Mode Configuration Table
| Motorola | Microchip | CCS |
|---|---|---|
| SPI Mode 0,0 | CKP = 0, CKE = 1 | SPI_L_TO_H |
| SPI Mode 0,1 | CKP = 0, CKE = 0 | SPI_L_TO_H | SPI_XMIT_L_TO_H |
| SPI Mode 1,0 | CKP = 1, CKE = 1 | SPI_H_TO_L |
| SPI Mode 1,1 | CKP = 1, CKE = 0 | SPI_H_TO_L | SPI_XMIT_L_TO_H |
CKP = Clock Polarity Select bit
CKE = Clock Edge Select bit
c) Frequency
Defines the clock frequency. Used only when the device is configured as master (the clock signal generator).
SPI_CLK_DIV_4SPI_CLK_DIV_16SPI_CLK_DIV_64SPI_CLK_T2
Combine flags using the OR operator (|). Examples:
- Master device, Mode B (0,1), specific clock speed:
setup_spi(SPI_MASTER | SPI_L_TO_H | SPI_CLK_DIV_16); - Slave device, Mode C (1,0), SS pin disabled:
setup_spi(SPI_SLAVE | SPI_H_TO_L | SPI_SS_DISABLED);
2. spi_write()
void spi_write(char c);
Writes the next character to the SPI port. Master devices generate a clock signal and send the value immediately. Slave devices send the value upon receiving a clock signal from the master.
3. spi_read()
char spi_read([char c]);
This function’s behavior depends on the device’s role (master or slave). It returns data read through the SPI and may accept a parameter.
Master: Sends the value c while receiving a new value (d = spi_read(c)).

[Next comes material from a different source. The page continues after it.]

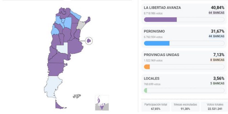 Con más del 90 por ciento de los votos escrutados, la fuerza oficialista obtuvo el 40.8% de los sufragios, frente al 24.5% de la alianza de centroizquierda Fuerza Patria.

If no data needs sending but a read operation is required, pass zero (d = spi_read(0)). If spi_write() was used previously and you want to read data while writing, use this function without parameters (d = spi_read()).
Slave: Waits for the master to send the clock signal and data. While receiving new data, it sends data c to the other device. Use spi_data_is_in() to check for received data.
4. spi_data_is_in()
char spi_data_is_in();
Returns TRUE if data has been received via the SPI port.
Example Code
This example demonstrates communication between a master and a slave. To compile for the master, uncomment #define MASTER_DEVICE.
#include <16f877.h>
#fuses HS, NOWDT // For a Microchip PIC16F877
#use delay(clock=10000000)
#use rs232(baud=9600, parity=N, xmit=PIN_C6, rcv=PIN_C7, bits=8)
#use standard_io(D)
//#define MASTER_DEVICE
#ifdef MASTER_DEVICE
// (Master)
void main() {
int8 c, d;
setup_spi(SPI_MASTER | SPI_L_TO_H | SPI_CLK_DIV_16);
printf("Press any key to begin");
while (1) {
c = getchar();
output_D(0xFF ^ c); // Toggle LEDs corresponding to PORTD
// Method 1: Separate write and read
spi_write(c);
d = spi_read();
// Method 2: Combined write and read
//d = spi_read(c);
putchar(c);
}
}
#else
// (Slave)
void main() {
int8 c;
setup_spi(SPI_SLAVE | SPI_L_TO_H | SPI_CLK_DIV_16);
while (1) {
// Flash C2 to indicate activity
output_low(PIN_C2);
delay_ms(100);
output_high(PIN_C2);
delay_ms(100);
// Method 1: Check for data before reading
if (spi_data_is_in()) {
c = spi_read();
output_D(0xFF ^ c); // Toggle LEDs on PORTD
spi_write(c); // Wait for master signal and write data
}
// Alternative method: Combined read and write
//c = spi_read(c);
//output_D(0xFF ^ c);
}
}
#endif
More complex libraries offer additional specialized functions for SPI bus management.